Dataset excerpt START

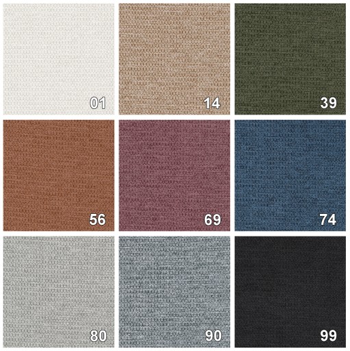 Miękka i przyjemna w dotyku, a zarazem wytrzymała i mocna tkanina welurowa. Charakteryzuje się delikatnym cieniowaniem i delikatną prążkowaną strukturą. Tkanina meblowa o bogatej palecie kolorów odpornej na tarcie, nie mechaci się podczas użytkowania, nie ulega blaknięciu pod wpływem oddziaływania promieni słonecznych.
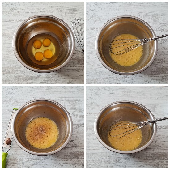 Placez les œufs dans un bol et battez-les quelques instants. Ajoutez une pincée de sel et quelques râpures de noix de muscade ; mélangez avec le fouet.
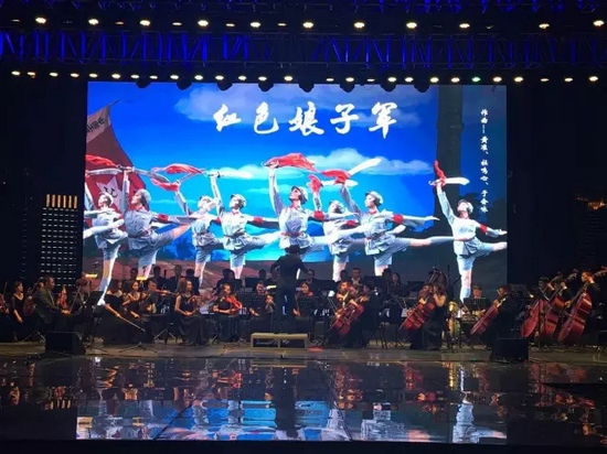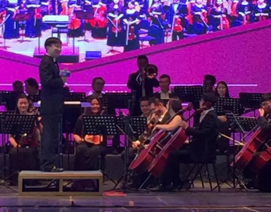 伴隨臺上指揮黃俊博的手勢起,河南愛樂樂團開始演奏交響樂《紅旗頌》。

Dataset excerpt END

§ **Directions for this task**: Please retype the whole listing above exactly, without any of its images.

§ **Expected answer**:
 Miękka i przyjemna w dotyku, a zarazem wytrzymała i mocna tkanina welurowa. Charakteryzuje się delikatnym cieniowaniem i delikatną prążkowaną strukturą. Tkanina meblowa o bogatej palecie kolorów odpornej na tarcie, nie mechaci się podczas użytkowania, nie ulega blaknięciu pod wpływem oddziaływania promieni słonecznych.
 Placez les œufs dans un bol et battez-les quelques instants. Ajoutez une pincée de sel et quelques râpures de noix de muscade ; mélangez avec le fouet.
 伴隨臺上指揮黃俊博的手勢起,河南愛樂樂團開始演奏交響樂《紅旗頌》。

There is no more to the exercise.